On the Road to Ruin: How being good at this tech stuff can get you into all sorts of trouble your neighbor wouldn't even try

The saga on my new T61 laptop from work continues.

In our last episode, frustrated by the total hosing of my new machine upon installing SP3 on the pristine Win XP image very excellently crafted by my good friend and colleague, Dave Presser, I once again threw caution to the wind and decided to reformat and install CentOS 5.2 x86_64 on the thing.

That went well. Which should have been a warning to me. No good deed goes unpunished.

Sitting here now, struggling to keep my eyes open until I can get to sleep just a little early tonight in preparation for a nice 4 day weekend, I find myself going over what I’ve learned, trying to sort out what will make instructive posts in the days to come.

Well, first of all, after going out and buying a super nice e-SATA and USB 2.0 enclosure for a stock Seagate 500 Gb 7200 rpm SATA drive, I’ve come to the conclusion that the cost-competitive Western Digital MyBook with the same capacity actually looks nicer and is probably better constructed.

Then there are the many little annoyances that come with putting Linux on a machine that was designed from the ground up to run Windows. Like issues with getting the O/S to recognize the built-in Intel 4965 wireless card, and how it really only took 3 of 6 packages from Axel Thimm’s repo to get it to work on the latest centosplus kernel — one of them being a kernel module that will need to be upgraded on the next kernel update. Thank God NetworkManager finally works — well, most of the time.

(Note that since CentOS 5.3 moved up to a kernel 2.6.18-128 that, among other things includes atheros wireless support out of the box, things have become much easier: case in point is that the 4965 now only needs the iwl3945-firmware package from rpmforge, or Red Hat, to work).

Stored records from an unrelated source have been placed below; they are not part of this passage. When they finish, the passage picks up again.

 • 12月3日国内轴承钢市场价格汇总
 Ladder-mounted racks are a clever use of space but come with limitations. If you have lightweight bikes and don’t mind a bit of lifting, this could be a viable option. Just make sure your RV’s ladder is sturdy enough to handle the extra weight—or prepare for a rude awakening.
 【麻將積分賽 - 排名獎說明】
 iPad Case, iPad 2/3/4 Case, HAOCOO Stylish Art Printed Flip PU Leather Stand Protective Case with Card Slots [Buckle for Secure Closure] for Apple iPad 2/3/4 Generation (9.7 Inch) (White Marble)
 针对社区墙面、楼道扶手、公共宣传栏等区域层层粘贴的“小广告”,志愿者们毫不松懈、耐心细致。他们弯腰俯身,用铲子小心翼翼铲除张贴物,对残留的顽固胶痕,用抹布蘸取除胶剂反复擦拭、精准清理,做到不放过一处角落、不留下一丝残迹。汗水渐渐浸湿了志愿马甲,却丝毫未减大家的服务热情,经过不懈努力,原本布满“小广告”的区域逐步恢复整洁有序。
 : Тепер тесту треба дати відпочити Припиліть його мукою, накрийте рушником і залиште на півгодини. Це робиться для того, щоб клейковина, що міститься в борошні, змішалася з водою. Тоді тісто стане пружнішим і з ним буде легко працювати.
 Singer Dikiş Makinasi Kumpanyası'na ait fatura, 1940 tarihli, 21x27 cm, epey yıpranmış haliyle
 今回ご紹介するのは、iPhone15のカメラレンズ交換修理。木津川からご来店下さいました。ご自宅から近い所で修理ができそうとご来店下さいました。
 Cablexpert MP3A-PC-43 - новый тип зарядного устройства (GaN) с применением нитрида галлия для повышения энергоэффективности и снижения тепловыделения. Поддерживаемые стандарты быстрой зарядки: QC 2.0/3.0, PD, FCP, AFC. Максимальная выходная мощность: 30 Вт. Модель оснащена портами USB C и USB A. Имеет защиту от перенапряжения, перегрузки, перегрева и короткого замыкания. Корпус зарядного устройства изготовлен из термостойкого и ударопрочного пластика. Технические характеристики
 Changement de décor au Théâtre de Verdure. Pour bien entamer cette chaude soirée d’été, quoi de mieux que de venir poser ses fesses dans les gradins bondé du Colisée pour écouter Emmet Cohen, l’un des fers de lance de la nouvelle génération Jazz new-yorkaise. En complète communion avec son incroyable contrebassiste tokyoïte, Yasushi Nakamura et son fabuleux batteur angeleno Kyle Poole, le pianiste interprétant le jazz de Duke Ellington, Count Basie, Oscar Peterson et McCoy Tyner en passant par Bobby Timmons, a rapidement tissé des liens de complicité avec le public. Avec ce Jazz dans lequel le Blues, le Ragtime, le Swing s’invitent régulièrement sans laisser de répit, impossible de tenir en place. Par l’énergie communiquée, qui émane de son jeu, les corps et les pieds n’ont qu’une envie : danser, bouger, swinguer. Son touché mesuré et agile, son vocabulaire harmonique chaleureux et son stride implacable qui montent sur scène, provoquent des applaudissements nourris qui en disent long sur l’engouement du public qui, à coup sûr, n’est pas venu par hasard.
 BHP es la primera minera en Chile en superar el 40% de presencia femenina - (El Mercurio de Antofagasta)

Evolution as a MS Exchange client. Seriously. Cheesy config screens. Overall clumsy user interfaces. Really badly implemented security. “Remember this password” dialogs that don’t actually commit anything, so you get prompted again and again. Half-baked address book integration with the Global Catalog (won’t work for me, and I’m an e-admin with intimate knowledge of who has what FSMO role). Really aggravating “sort descending” by default message listing. Calendar objects that stubbornly refuse to disappear when a cancellation message is accepted.

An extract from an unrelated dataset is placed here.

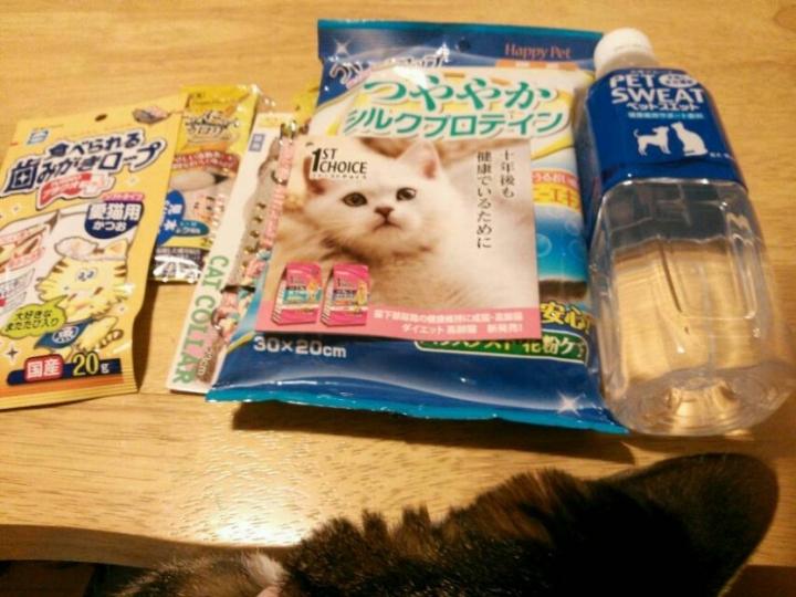 あと首輪と、歯磨きおやつと、使い捨てウエットボディタオルと、スープ状のごはん?みたいなもの。
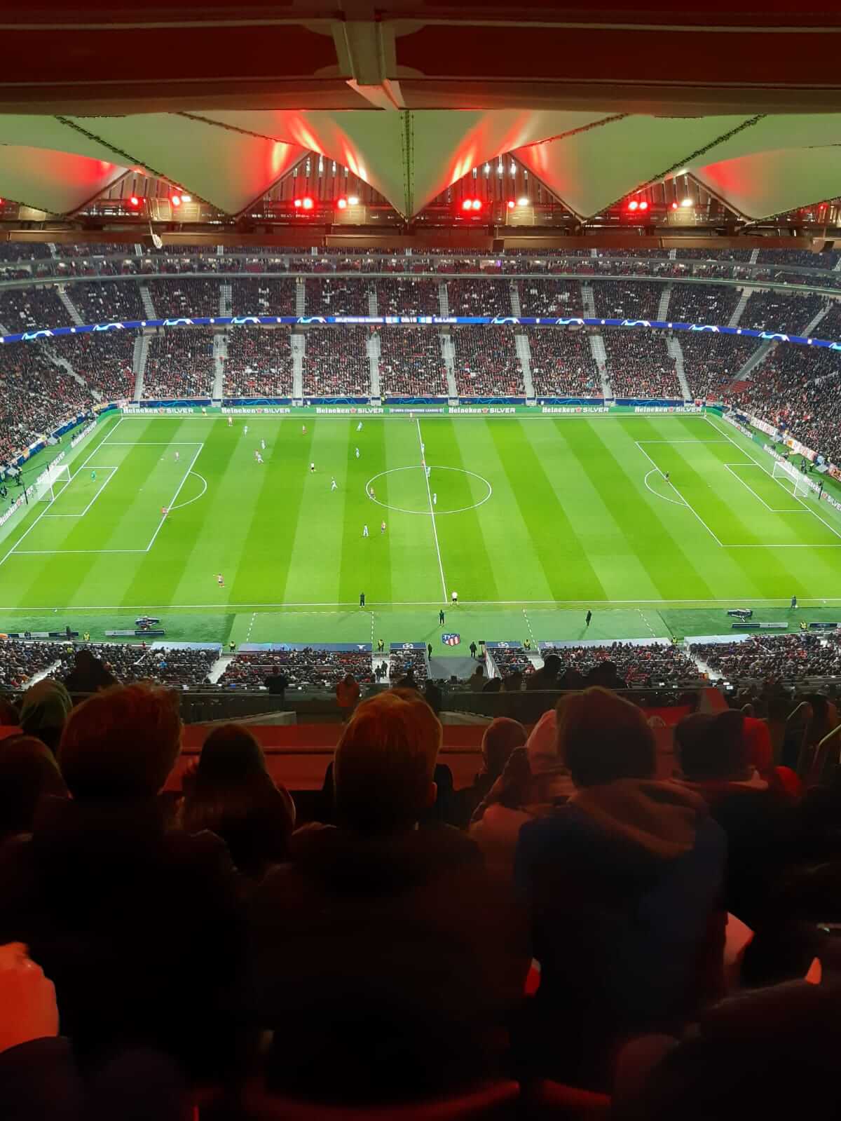 Und endlich gingen wir rein! Die schönheit des Veranstaltungsortes, die Champions League-Atmosphäre und die Gewissheit, sich umgeben von der rot-weißen Familie zu Hause zu fühlen, machten diesen Moment einzigartig und besonders. Endlich die Gesänge live hören, mit anderen Fans sprechen, unsere Schals und Fahnen zeigen und schließlich ein aktiver Teil dieser rot-weißen Welt sein … Atleti pur!

VMWare. Or is it VMware? Laptop has 2 network interfaces. Hardwire RJ-45 that plugs into LAN, and wireless (once you’ve got that working, see above). Wasted hour trying to figure out why machine that worked perfectly (almost, except for out-of-sync clock) all day long now won’t connect to network. Ugh. At work was plugged into the switch (well, desktop hub initially, company won’t spring for a new switch). Here at home running wireless. So VM guest needs to have 2 virtual network cards configured. One for the default bridged network (vmnet1), the other for the wireless (vmnet2). After vmware-config.pl reconfig of network, and going into guest config to add second card — voila! We’re connected!

Anyway, need to go to bed now. This weekend will tackle time sync issue. Something about CPU cycle divider used by shipping CentOS kernel. Need to try some user space options before I go there though.

All this just to run Linux on my work machine.

If SP3 had just loaded without blowing the thing up I could have spent the evening finishing another chapter in The Peloponnesian War.